To read a Word document with formatting using IronWord in C#, first install the IronWord library, load the document using the `WordDocument` class, and then iterate through the paragraphs to extract text and formatting details.
What are the prerequisites for using a Word document processing library in a C# project?
The prerequisites for using IronWord in a C# project include having Visual Studio or another C# development environment installed and the ability to manage packages using NuGet Package Manager.

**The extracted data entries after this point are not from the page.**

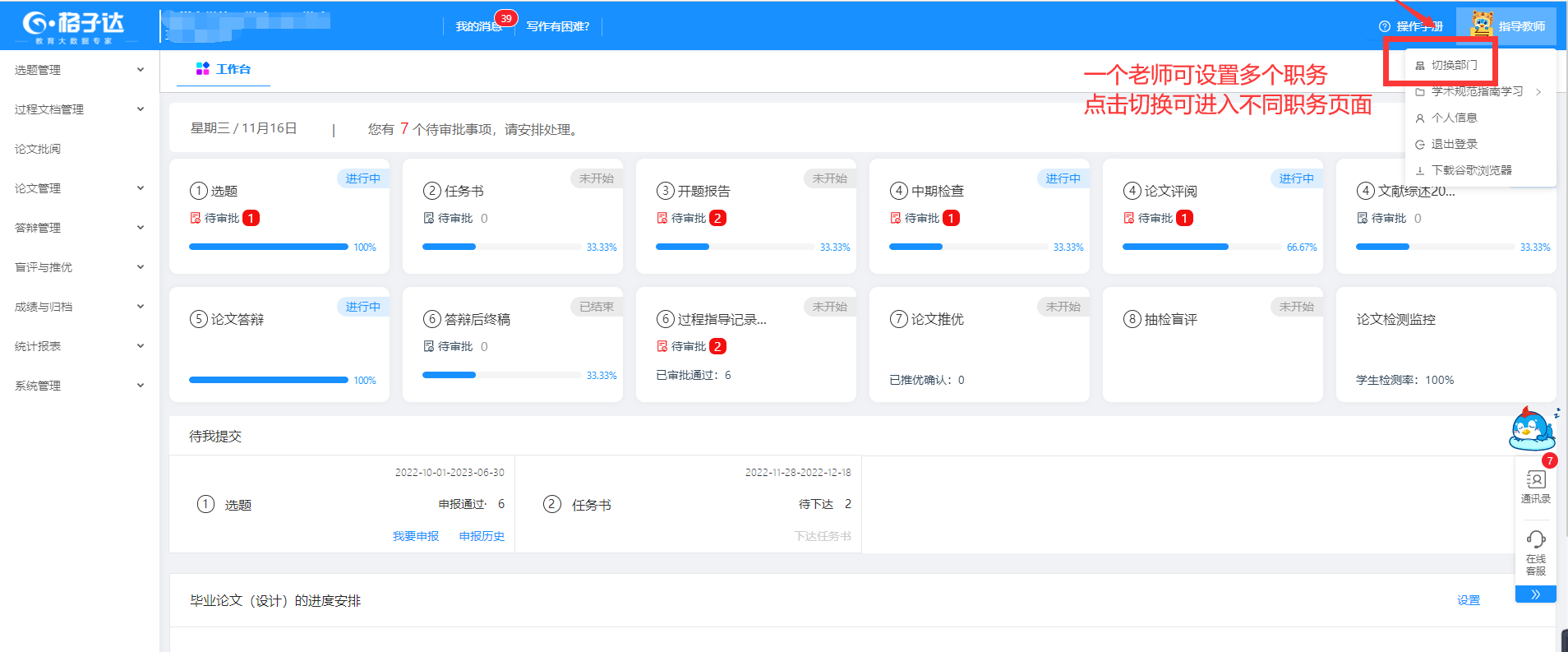 在【工作台】界面,可查看所有过程文档审批情况点击环节可打开毕设论文环节概况报表。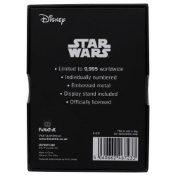 Este metal colecionável de Star Wars oficialmente licenciado é limitado a 9.995 em todo o mundo e numerado individualmente.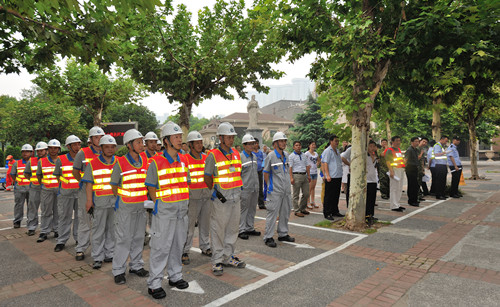 参加本次演练的有:建邺区人民政府办公室、区委宣传部、区公安分局、区消防大队、交警四大队、区财政局、区安监局、区卫生局、区环保局等13个单位、80余人、17余台车辆。南京港华公司调配带直播功能的指挥车、液化天然气移动撬车、先进的查漏车参演。

How do I install a library for processing Word documents in my C# project?
You can install the IronWord library in your C# project using the NuGet Package Manager Console with the command `Install-Package IronWord`. It can also be installed using Visual Studio's NuGet Package Manager.
Can a Word processing library read tables from Word documents?
Yes, IronWord can read tables from Word documents. You can use the `Tables` property on the `WordDocument` class to access and iterate through the tables.
Is it possible to add style to existing text in a Word document using a library?
Yes, you can add style to existing text in a Word document using IronWord by creating a `TextStyle` object and applying it to the desired text run or paragraph.
How can I add new styled content to a Word document using a library?
To add new styled content, create a `TextRun` with style information and add it to a paragraph in the document. You can also create new paragraphs and add them to the loaded document.
What .NET versions does a Word processing library support?
IronWord supports .NET 8, 7, 6, Framework, Core, and Azure, making it versatile for various project requirements.
How can I obtain a trial license for a Word processing library?
You can obtain a free trial license for IronWord by providing your email on the Iron Software website. The trial license key will be delivered via email and needs to be placed in the `appsettings.json` file.
Do I need Microsoft Office installed to use a Word processing library?
No, you do not need Microsoft Office installed to use IronWord, as it reads and processes Word files independently.